WHY YOU SHOULD CONSIDER BUYING THIS BUST:

– A simply exquisite sculpture by Pedro Fernández, with the kind of Spanish folkloric air that is universally recognizable and loved.
– This bust offers a variety of textures to explore and countless painting options.
– Our signature resin quality allows you to get the figure clean and ready in almost no time, so you may invest your precious free time in what matters: painting and having fun.

Madrid, 2nd of May of 1808. The day dawned peacefully, but there was an uneasy mood in the city. Pretty soon, groups of citizens started gathering at the Royal Palace, wary of the intentions of the French troops. Someone cried out loud “They are taking him away!”, and that was the start of it…

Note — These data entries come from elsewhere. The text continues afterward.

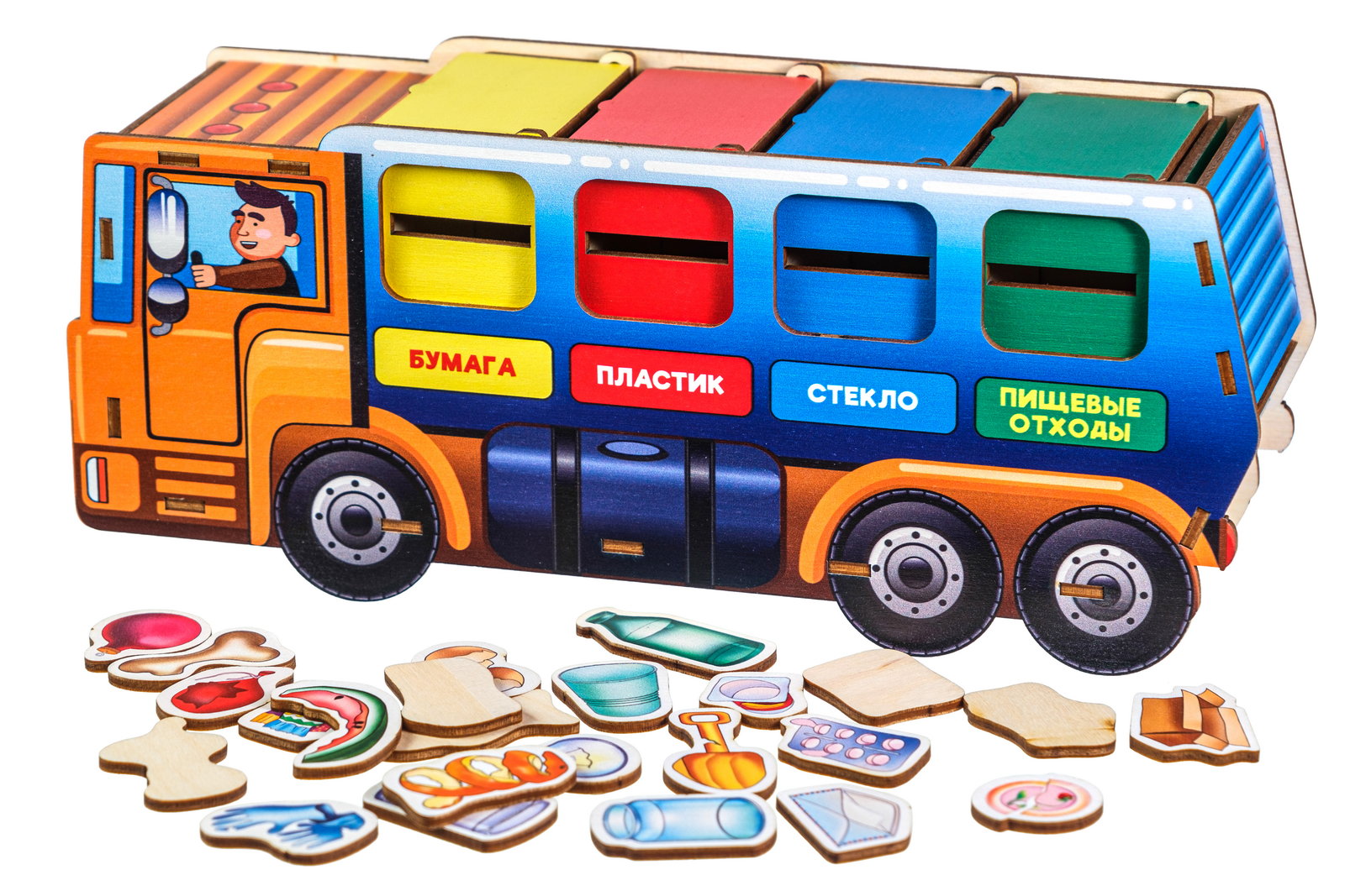 1. Игра «Мусоровоз». Рассмотрите мусоровоз вместе с ребенком. Обсудите его назначение. Достаньте фигурки с изображением мусора и назовите все предметы. Посчитайте контейнеры на мусоровозе, уточните их названия. Спросите, что можно выбрасывать в контейнеры? (Бумажные, пластиковые, стеклянные предметы, пищевые отходы).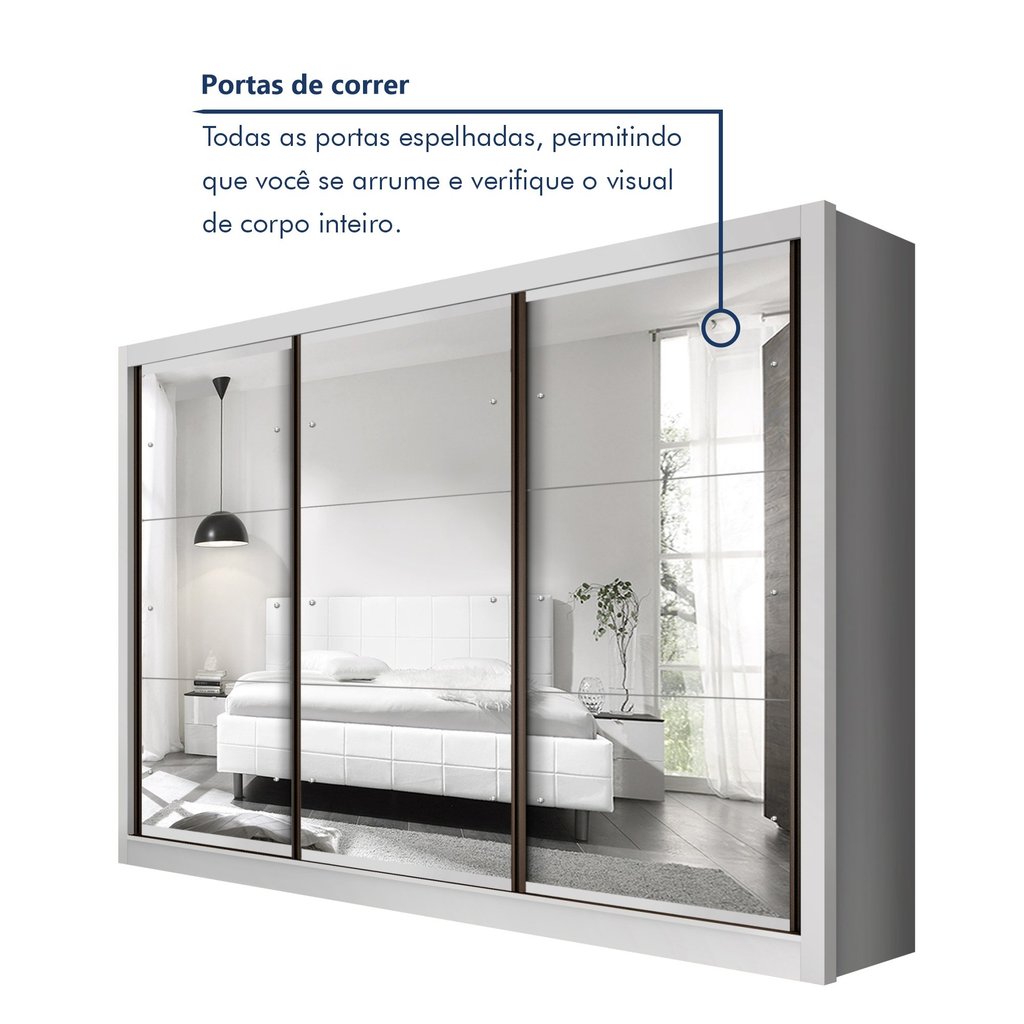 Guarda Roupa Casal Premium Lux 242cm com Espelho 3 Portas 6 Gavetas Espresso Móveis Branco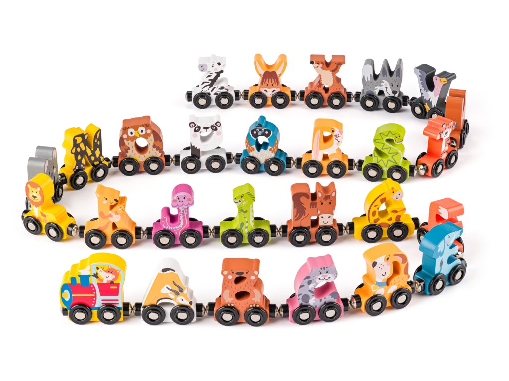Tento barevný dřevěný vláček s abecedou potěší všechny malé objevitele písmenek i zvířat. Sada obsahuje 27 dílů – lokomotivu a vagonky ve tvaru písmen, které jsou spojeny klasickými magnety. Každé písmeno má podobu zvířátka a na druhé straně jeho anglický název, takže si děti při hře nenápadně osvojují základy angličtiny. Děti si navíc mohou hravě skládat jednotlivá písmena do slov, rozvíjet tak svou kreativitu a učit se číst. Abeceda je krásně barevná, hravá a originální – její jedinečný design pochází od české autorky. Ideální hračka pro rozvoj fantazie, jemné motoriky i jazykových dovedností. Rozměry jednoho vagonku cca: 6,3 x 6,5 x 2,5 cm. Celková délka vláčku: 179 cm. Rozměry balení: 32 x 47 x 37,5 cm. Věk: 3+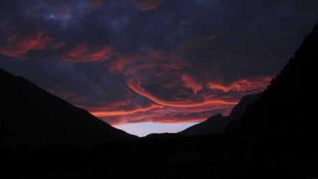 這段影片是1日19時許在太魯閣台地的奇特雲彩,從畫面中可見,天空好像染上一層層又紫又紅的雲海,襯托了山的壯闊,層層堆疊的雲海也讓人驚奇。許多網友看完後,直呼「美」、「很美,但有點怕怕的感覺」、「有惡魔要降臨了嗎?」、「好奇特的奇景」。
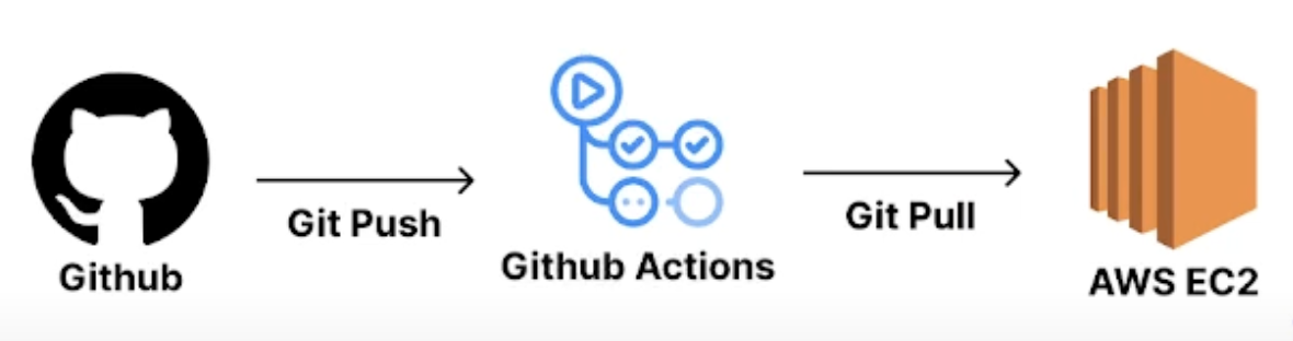 git push → GitHub Actions가 푸시 감지 → EC2에 SSH 원격 접속 → git pull 실행 및 서버 재시작

The Treaty of Fontainebleau, signed in 1807, allowed the entry of the French Napoleonic Army into Spain, on its way to invade Portugal, which was a staunch ally of Great Britain. King Carlos IV had been forced to abdicate on his son, the infamous Fernando VII, and both had been recalled to France to force them to cede the Spanish crown to Napoleon’s brother, Joseph Bonaparte. In the meantime, Joachim Murat got orders to bring the remaining children of the king to France.

Fearing that the kids would be held as hostages, and fearing in particular for the small prince Francisco de Paula, the people of Madrid revolted violently against the French Army in a spectacular episode that ignited the war in Spain and is commonly referred as “El Dos de Mayo”.

The French soldiers got confronted and assaulted by a mostly unarmed multitude of civilians, including many women, representing an ample array of classes and conditions, all united against the invaders.

Those were also the days of the “majas”, women that opposed the principles imposed by the dominant class and that have been described as “bold, friendly, honest, foul-mouthed and rogue”. Many of them were present at the revolt and some of them even died that day, fighting for their beliefs.